------ Available data ------

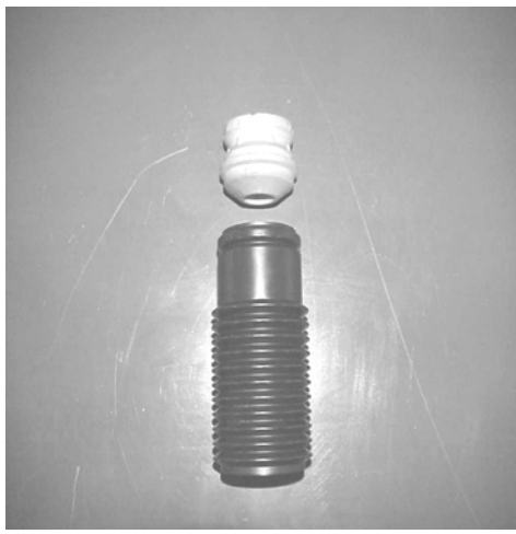
( Eibach front bumpstop / Eibach boot)

2. Snap new Eibach boots onto new Eibach bumpstops and reinstall in the same fashion as the factory parts on the front strut assemblies.
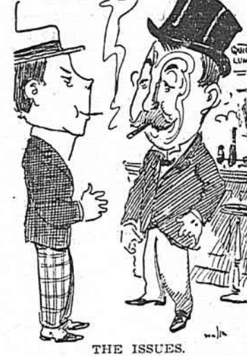
THE ISSUES. "What are the issues of the campaign?" "Well, we haven't issued anything yet, but a loud call for money."
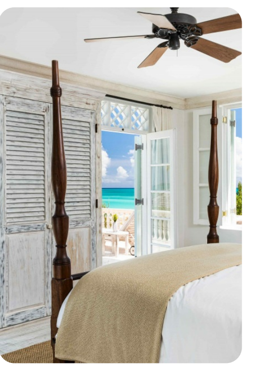
Coral House | Page 6 of 8
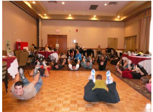
Internal Medicine Residents at the Annual Residents Retreat practicing yoga as part of their retreat theme: "Life Balance"
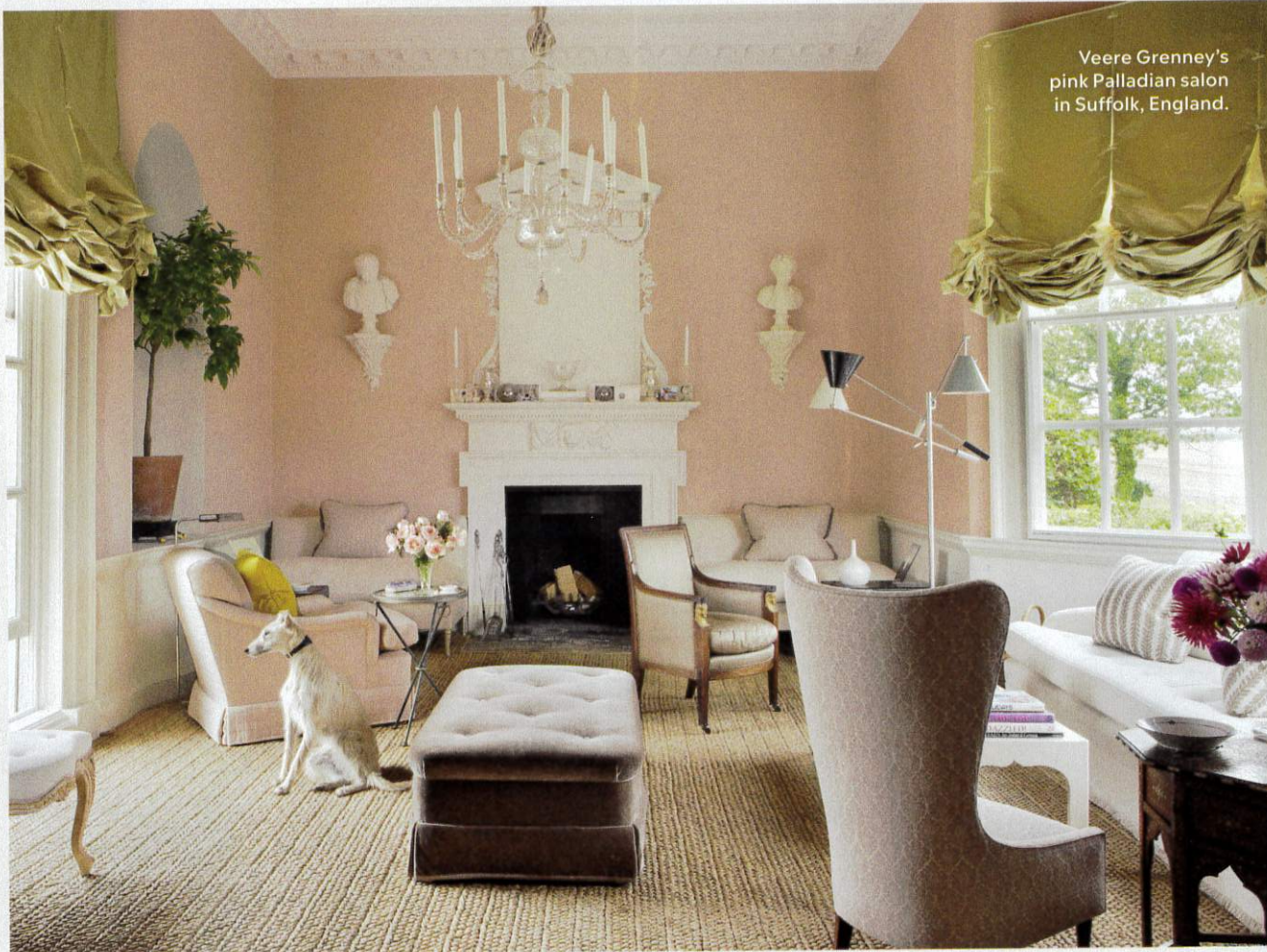
Veere Grenney's pink Palladian salon in Suffolk, England.
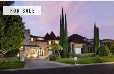
25761 HIGHPLAINS TERRACE 5-BR | 6-BA APPROX. 5,805 SF | 19,350 SF LOT LISTED FOR $3,650,000

4-BR | 4.5-BA | APPROX. 5,000 SF | 17,000 SF LOT
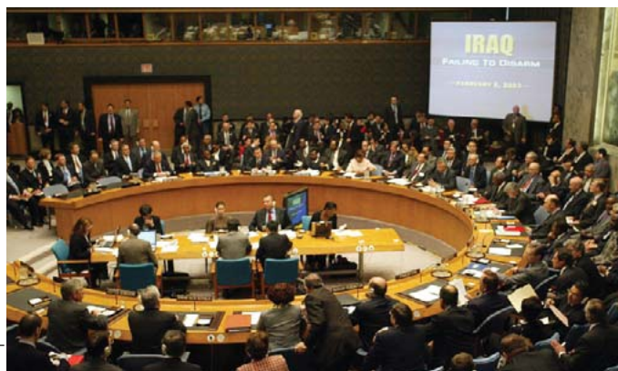
Multipolarity, European-style: The U.N. Security Council deliberates on Iraq.

Concerns over trans-Atlantic relations, American attitudes toward the United Nations Security Council, and the future of multilateralism stem from a single, overarching issue of the post-Cold War era: the issue of international legitimacy. When the United States wields its power, especially its military power, will world opinion and more importantly its fellow liberal democracies, especially in Europe, regard its actions as broadly legitimate? Or will the United States appear, as it did to many during the crisis in Iraq, as a kind of rogue superpower?
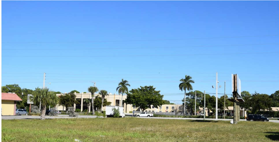
Facing east towards Military Trail
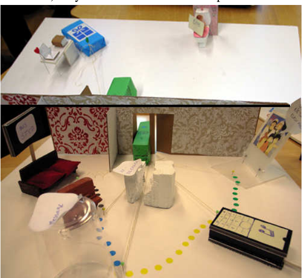
Figure 6. 3-dimensional "Service Landscape" illustrating initial views of the "Backstage" and different "Frontstage Touchpoints".

As a a tutor I also opened a box of "basic" design materials for example including stickers, strings, disposable cups, etc, but mainly through a quick tour in their studio and at the school the groups collaboratively found the images and objects ("project-specific" design materials ) they needed to illustrate their points.
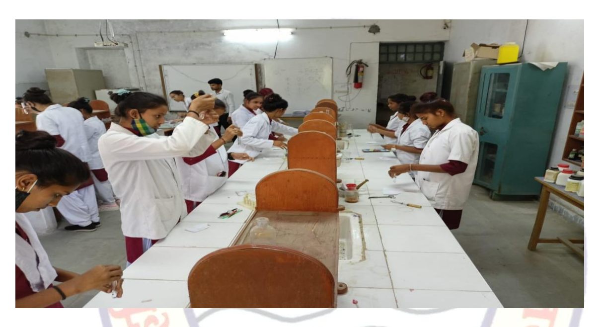
PRACTICAL CLASSES IN CHEMISTRY
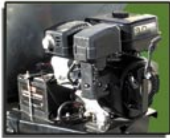
Standard 9 HP engine with electric start.
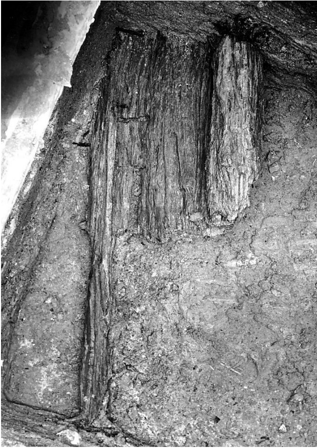
Fig. 2. Fragment of a timber-and-earth embankment. The courtyard of the Archaeological Museum in Kraków, excavation by A. Żaki 1955

During the medieval period the core of the embankment was used as a basis of a stone defensive wall for that part of the city (Radwański 1975: 121–129, 1986).
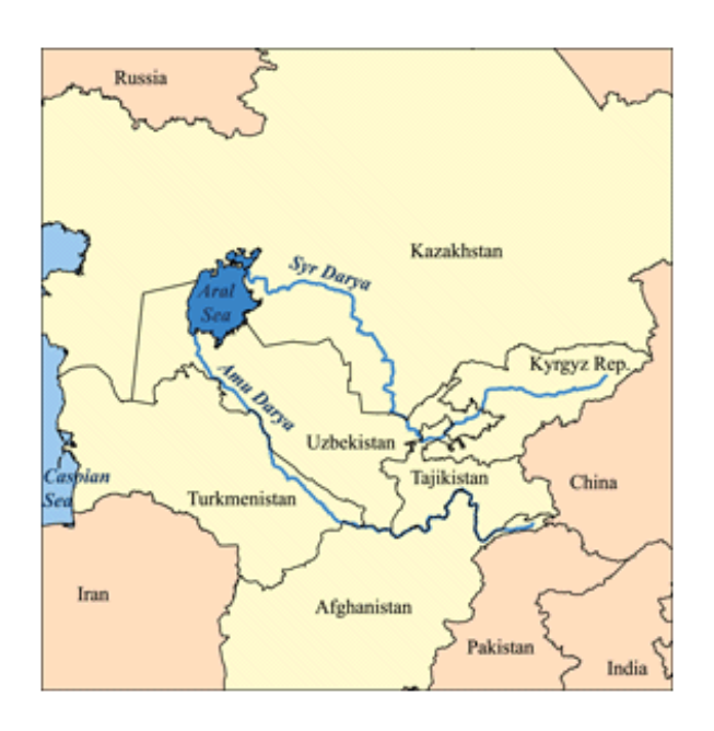
Syr Darya and Amu Darya

Kazakhstan are the region's main water consumers with Uzbekistan alone consuming more than half of the region's water resources. As such, Kyrgyzstan and Tajikistan control the water needed by the other Central Asian states. The upstream states, however, view water as a strategic commodity as they are poorly endowed with other resources and use water to generate much of their own power needs.
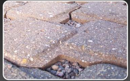
Project: Morton Arboretum Location: Lisle, IL Material: Blue Mahogany Granite
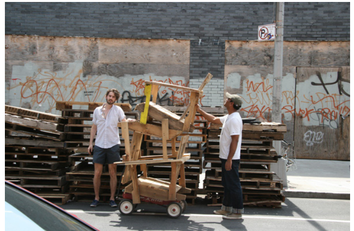
Step 1: Collect used shipping pallets.

Whether to rest, socialize, or to simply watch the world go by, increasing the supply of seating almost always makes a street, and by extension, a neighborhood, more livable.
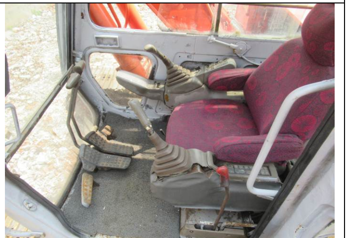
36 Excavator view

------

What belongs in the answer is each line above, reproduced exactly, and no picture.

( Eibach front bumpstop / Eibach boot)

2. Snap new Eibach boots onto new Eibach bumpstops and reinstall in the same fashion as the factory parts on the front strut assemblies.
THE ISSUES. "What are the issues of the campaign?" "Well, we haven't issued anything yet, but a loud call for money."
Coral House | Page 6 of 8
Internal Medicine Residents at the Annual Residents Retreat practicing yoga as part of their retreat theme: "Life Balance"
Veere Grenney's pink Palladian salon in Suffolk, England.
25761 HIGHPLAINS TERRACE 5-BR | 6-BA APPROX. 5,805 SF | 19,350 SF LOT LISTED FOR $3,650,000

4-BR | 4.5-BA | APPROX. 5,000 SF | 17,000 SF LOT
Multipolarity, European-style: The U.N. Security Council deliberates on Iraq.

Concerns over trans-Atlantic relations, American attitudes toward the United Nations Security Council, and the future of multilateralism stem from a single, overarching issue of the post-Cold War era: the issue of international legitimacy. When the United States wields its power, especially its military power, will world opinion and more importantly its fellow liberal democracies, especially in Europe, regard its actions as broadly legitimate? Or will the United States appear, as it did to many during the crisis in Iraq, as a kind of rogue superpower?
Facing east towards Military Trail
Figure 6. 3-dimensional "Service Landscape" illustrating initial views of the "Backstage" and different "Frontstage Touchpoints".

As a a tutor I also opened a box of "basic" design materials for example including stickers, strings, disposable cups, etc, but mainly through a quick tour in their studio and at the school the groups collaboratively found the images and objects ("project-specific" design materials ) they needed to illustrate their points.
PRACTICAL CLASSES IN CHEMISTRY
Standard 9 HP engine with electric start.
Fig. 2. Fragment of a timber-and-earth embankment. The courtyard of the Archaeological Museum in Kraków, excavation by A. Żaki 1955

During the medieval period the core of the embankment was used as a basis of a stone defensive wall for that part of the city (Radwański 1975: 121–129, 1986).
Syr Darya and Amu Darya

Kazakhstan are the region's main water consumers with Uzbekistan alone consuming more than half of the region's water resources. As such, Kyrgyzstan and Tajikistan control the water needed by the other Central Asian states. The upstream states, however, view water as a strategic commodity as they are poorly endowed with other resources and use water to generate much of their own power needs.
Project: Morton Arboretum Location: Lisle, IL Material: Blue Mahogany Granite
Step 1: Collect used shipping pallets.

Whether to rest, socialize, or to simply watch the world go by, increasing the supply of seating almost always makes a street, and by extension, a neighborhood, more livable.
36 Excavator view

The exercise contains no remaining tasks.